A prototype example_logPathMappings.yaml file is provided in the repo under the example directory, with format:
overridePMFConfig: true
zebrium:
pathMapFile: "pathMapFile.json"
customPMFConfig: {
"mappings": {
"patterns":["/var/log/remote_logs/(?<host>[^/]+)/.*"],
"tags": [],
"ids" : [
"host"],
"configs": []
}
}
Custom Namespace to Service Group Matching is the process of dynamically assigning a service group to a log stream based on the resources namesapce. This is enabled by providing a JSON mapping file to the log collector. To use this functionality with the supplied helm chart a customValues.yaml file should be completed and supplied to the helm install command line with:
helm install ... -f customValues.yaml ...

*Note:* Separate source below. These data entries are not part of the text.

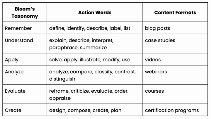 Dari tabel diatas, kita dapat membuat peta konten yang menguraikan semua topik yang akan dibahas dan format apa yang akan diambil setiap bagian konten (misalnya, blog post, video, infografis). Gunakan ‘format konten’ yang paling sesuai dengan mengaitkan hasil ‘kognitif’ yang diharapkan.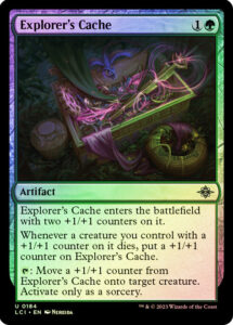 : Move a +1/+1 counter from Explorer’s Cache onto target creature. Activate only as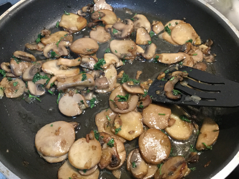 Грибы готовы, кидаем петрушку и орехи. 2-3 минуты и солим/перчим.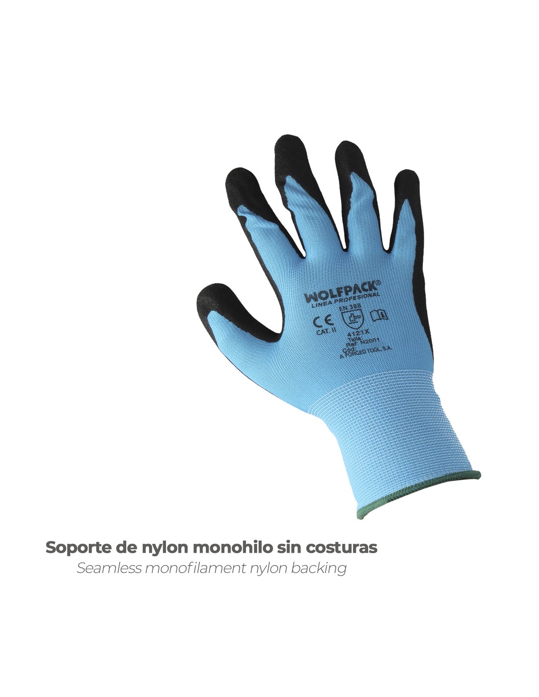 - Gracias al refuerzo en nitrilo aumenta la resistencia del guante.

A prototype example_ns_svcgrp.yaml file is provided in the repo under the example directory, with format:
overrideSVCGRPConfig: true
zebrium:
svcgrpMapFile: "svcgrpMapFile.json"
customSVCGRPConfig: {
"mynamespace1" : "svcgrp1",
"mynamespace2" : "svcgrp1",
"mynamespace3" : "svcgrp3"
}
By default, Zebrium's kubernetes log collector will be deployed to all Nodes in your cluster and collect logs from each container.
Additionally, each log line will have associated meta data from your Kubernetes deployment viewable in the Zebrium UI. This meta data will include:
- All Kubernetes Identifier tags such as Node, Pod Name and Id, Container Name and Id, Namespace, etc.
- All Kubernetes Labels
- All Kubernetes Annotations
Once the collector has been deployed in your Kubernetes environment, your logs and anomaly detection will be available in the Zebrium UI.
In the event that Zebrium requires the ze_collector logs for troubleshooting, you can use these commands:
- Use:
kubectl get pods --namespace zebrium
to get the zlog-collector pod names first. - Use:
kubectl logs <pod_name> --namespace zebrium
to get logs. Note: There may be multiple pods containing logs.